# EXERCISE DIRECTIONS
Reproduce, exactly and only, the lines of the data that follows from the one containing "Handpainted Berlin woolwork" down to the one containing "Мэрия Бишкека сообщила", without pictures.

# EXTRACTED RECORDS
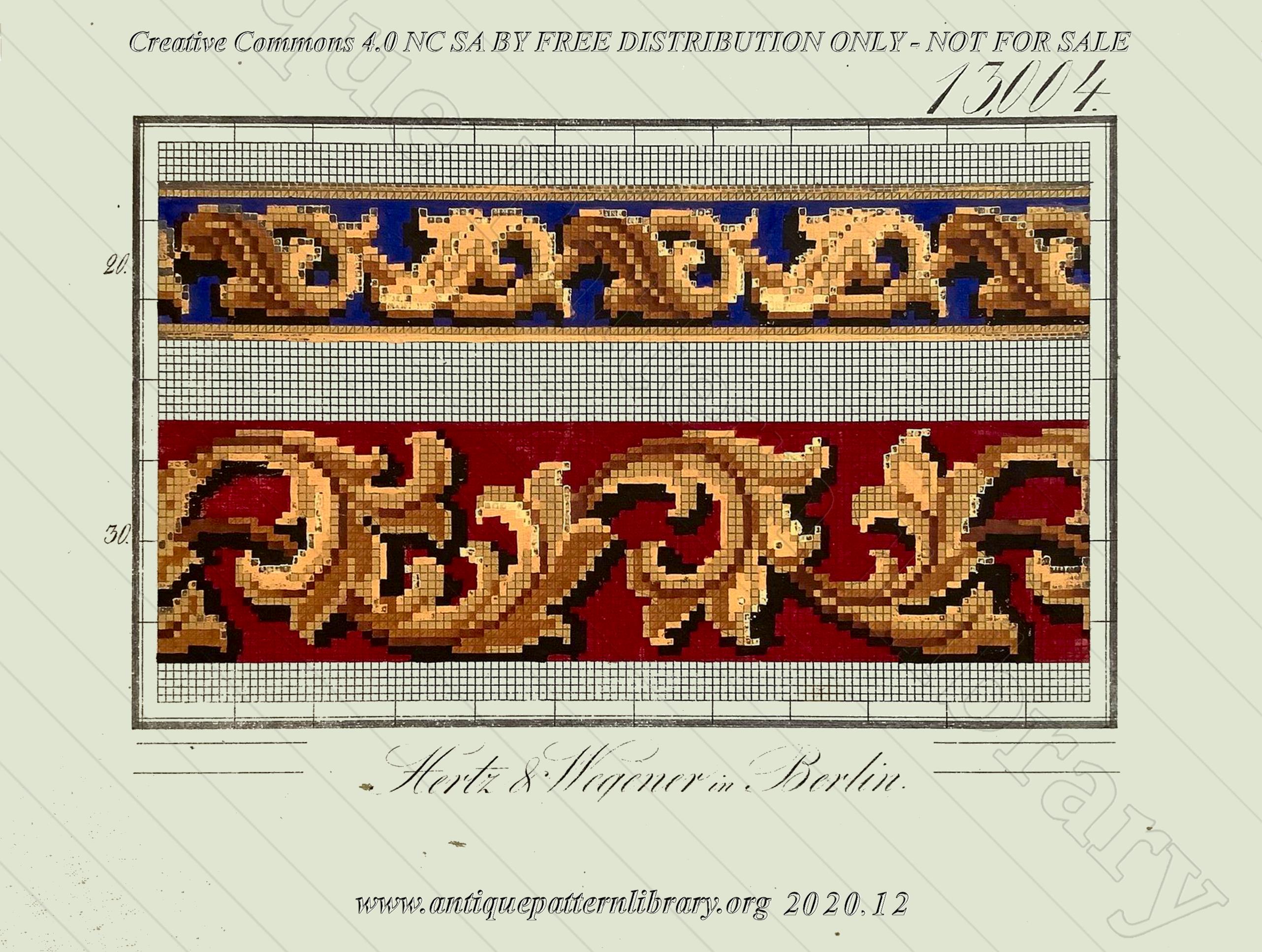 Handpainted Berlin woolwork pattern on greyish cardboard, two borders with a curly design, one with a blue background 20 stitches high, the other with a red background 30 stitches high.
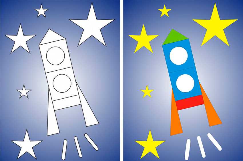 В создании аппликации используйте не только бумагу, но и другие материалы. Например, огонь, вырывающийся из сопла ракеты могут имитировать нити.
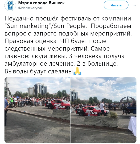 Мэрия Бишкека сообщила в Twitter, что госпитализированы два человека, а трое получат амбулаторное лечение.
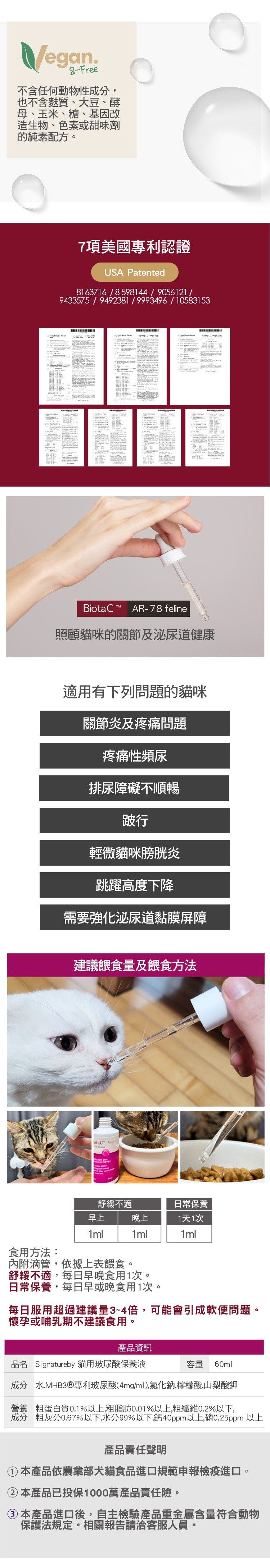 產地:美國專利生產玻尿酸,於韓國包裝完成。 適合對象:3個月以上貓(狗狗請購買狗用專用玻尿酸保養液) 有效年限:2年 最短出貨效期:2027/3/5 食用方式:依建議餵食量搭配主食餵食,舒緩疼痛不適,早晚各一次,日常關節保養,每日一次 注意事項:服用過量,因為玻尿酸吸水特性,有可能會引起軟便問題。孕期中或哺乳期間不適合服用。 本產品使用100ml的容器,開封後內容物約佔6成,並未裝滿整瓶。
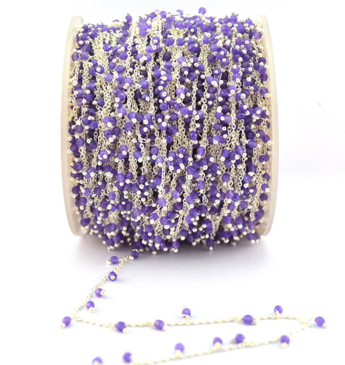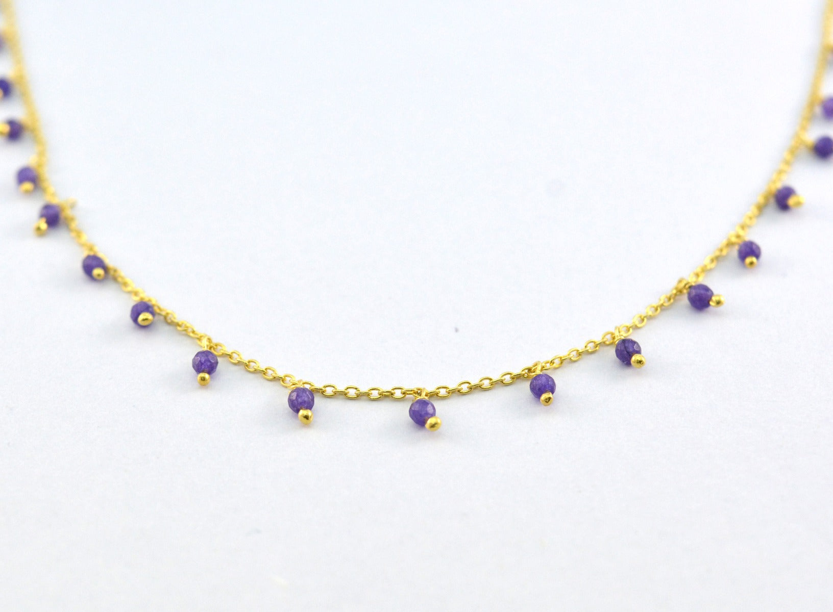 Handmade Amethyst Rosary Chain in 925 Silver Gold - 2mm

---

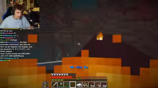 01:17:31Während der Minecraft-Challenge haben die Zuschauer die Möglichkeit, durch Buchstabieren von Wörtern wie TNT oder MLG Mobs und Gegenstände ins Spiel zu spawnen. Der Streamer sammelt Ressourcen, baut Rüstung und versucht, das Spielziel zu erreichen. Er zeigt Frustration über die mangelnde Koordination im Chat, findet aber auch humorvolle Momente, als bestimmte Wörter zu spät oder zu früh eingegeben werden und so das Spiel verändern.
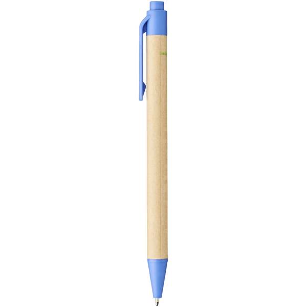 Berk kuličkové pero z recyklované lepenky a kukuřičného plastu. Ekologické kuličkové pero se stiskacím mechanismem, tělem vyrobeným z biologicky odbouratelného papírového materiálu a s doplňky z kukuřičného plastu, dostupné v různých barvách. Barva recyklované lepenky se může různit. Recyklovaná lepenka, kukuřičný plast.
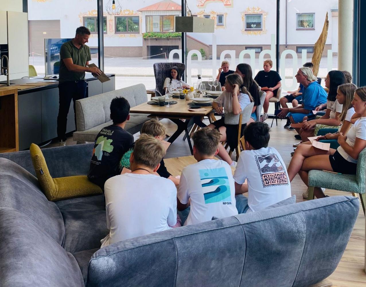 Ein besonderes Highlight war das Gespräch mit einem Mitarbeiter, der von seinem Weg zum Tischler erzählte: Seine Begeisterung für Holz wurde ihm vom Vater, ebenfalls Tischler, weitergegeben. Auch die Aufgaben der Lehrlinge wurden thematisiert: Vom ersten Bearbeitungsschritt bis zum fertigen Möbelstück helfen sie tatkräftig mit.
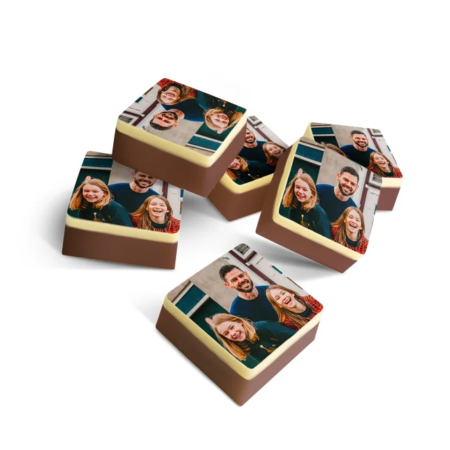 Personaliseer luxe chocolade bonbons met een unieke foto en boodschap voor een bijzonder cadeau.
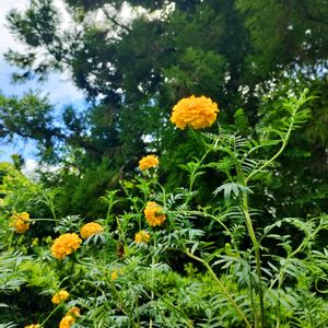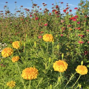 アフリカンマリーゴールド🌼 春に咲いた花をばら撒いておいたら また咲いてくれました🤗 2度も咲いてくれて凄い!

--

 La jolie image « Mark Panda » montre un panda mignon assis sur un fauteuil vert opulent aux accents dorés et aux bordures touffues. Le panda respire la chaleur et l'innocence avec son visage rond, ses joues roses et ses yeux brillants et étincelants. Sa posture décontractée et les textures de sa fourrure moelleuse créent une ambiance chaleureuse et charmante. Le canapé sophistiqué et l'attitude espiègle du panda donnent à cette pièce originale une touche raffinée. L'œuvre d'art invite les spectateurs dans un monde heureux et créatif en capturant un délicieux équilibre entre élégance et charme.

# ANSWER BELOW
 Handpainted Berlin woolwork pattern on greyish cardboard, two borders with a curly design, one with a blue background 20 stitches high, the other with a red background 30 stitches high.
 В создании аппликации используйте не только бумагу, но и другие материалы. Например, огонь, вырывающийся из сопла ракеты могут имитировать нити.
 Мэрия Бишкека сообщила в Twitter, что госпитализированы два человека, а трое получат амбулаторное лечение.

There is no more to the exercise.